Abstract
Technical Project
The technical project is focused on designing an approach to fluorescently imaging Myeloid Derived Suppressor Cells (MDSCs). These immune cells are of particular interest because they are expressed at elevated levels in mice following Focused Ultrasound (FUS) treatment. MDSCs interact with the tumor microenvironment (TME) to promote tumor growth, and the TME encourages MDSC proliferation. MDSCs can also negatively impact other cells in the immune system. Current approaches to counting and imaging immune cells require that the tumor be removed, which does not allow for the observation of multiple time points or the conjunction of both spatial and cell count data. Designing a probe for in vivo use can help solve this problem by allowing for imaging at multiple time points and providing both spatial and count information. There are two aims to this project: first to fabricate the probe and second to do initial feasibility testing in vivo.
The primary components of this design include the targeting molecule, which ensures that the probe attaches specifically to MDSCs, and the fluorophore, which allows for imaging. The probe must have a high affinity for the target molecule, Ly6G, which can be achieved using an antibody. However, adjustments must be made to make sure that the antibody provides a good target to background ratio and is able to enter the TME. The fluorophore must both avoid tissue damage and be able to penetrate the tissue to allow for imaging. Based on these design criteria, a Fab antibody fragment and the Alexa Fluor 700 were chosen as the targeting molecule and fluorophore. These two can be conjugated using conjugating kits.
The first aim of fabricating the probe was done by making and purifying Fab fragments. These fragments were then tested on a Western Blot to determine if they had been properly fabricated. Due to some technical issues with Western Blotting throughout the project, this was not able to be completed. However, a BCA assay showed promising results with the correct amounts of protein showing up in both the pre-purified and the purified product.
The second aim was completed in a mouse study with a 5 mouse cohort. These mice were injected with 4T1 tumors and then allowed to grow out for about 20 days. The mice were then imaged as were their lungs, spleens, livers, and tumors. This was primarily done as a start to understanding the dosing and antibody kinetics.
Future work in this area includes completing probe fabrication and testing this probe both in vitro and in vivo. Another area of future work is fabricating other probe types and testing to determine the optimal targeting molecule/fluorophore combination.
STS Research Paper
The STS paper is focused on examining current First in Human (FIH) clinical trial practices through three ethical lenses: utilitarian ethics, Kantian ethics, and the care ethic. Utilitarian ethics is largely used to justify current clinical trial practices. The other two ethics are chosen as contrasts to this ethic, as they focus more on individual rights than the good of all society. This topic is examined as it related to historical codes of human experimentation, the preclinical to clinical translation, informed consent and patient populations.
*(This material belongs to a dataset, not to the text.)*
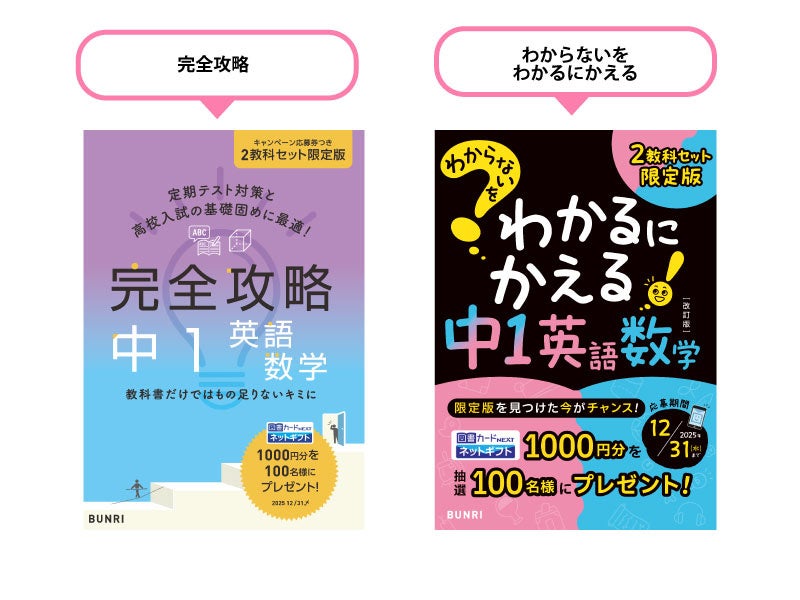 「2教科セット」は、それぞれのシリーズの中1の英語と数学の2冊がパッケージされた数量限定の商品です。

Historical codes of ethics were developed in response to Nazi experimentation done in World War II, which had no regard for individual rights or suffering. These codes align with Kantian and care ethics more than utilitarian ethics, further confirming that these are ethics perhaps more appropriate for evaluating FIH trials than the utilitarian ethic.
The preclinical to clinical translation is discussed in terms of how few treatments make it past the FIH trial stage due to unforeseen consequences. Lack of knowledge of the differences between animal and human immune systems can create issues in this translation from preclinical to clinical work. Through the Kantian and care ethics lenses, the understanding of these differences should be improved to ensure patient safety.
Informed consent poses significant challenges in current FIH trial practices. Making sure that patients understand trials is good and important. However, current standards have led to long and convoluted informed consent documents that are not accessible to the average person. These practices should be improved to live up to the standards of informed consent.
Patient populations in clinical trials pose an issue as they do not reflect the populations that will potentially be taking the drug. This can become an issue when treatments interact with these different groups differently. In order to create a culture of trust between the medical and general communities, clinical trials should reflect the populations of the target population.
Overall, FIH trial practices are in need of improvement. Combining the utilitarian ethic with the Kantian and care ethics can hopefully provide a route to improving these practices.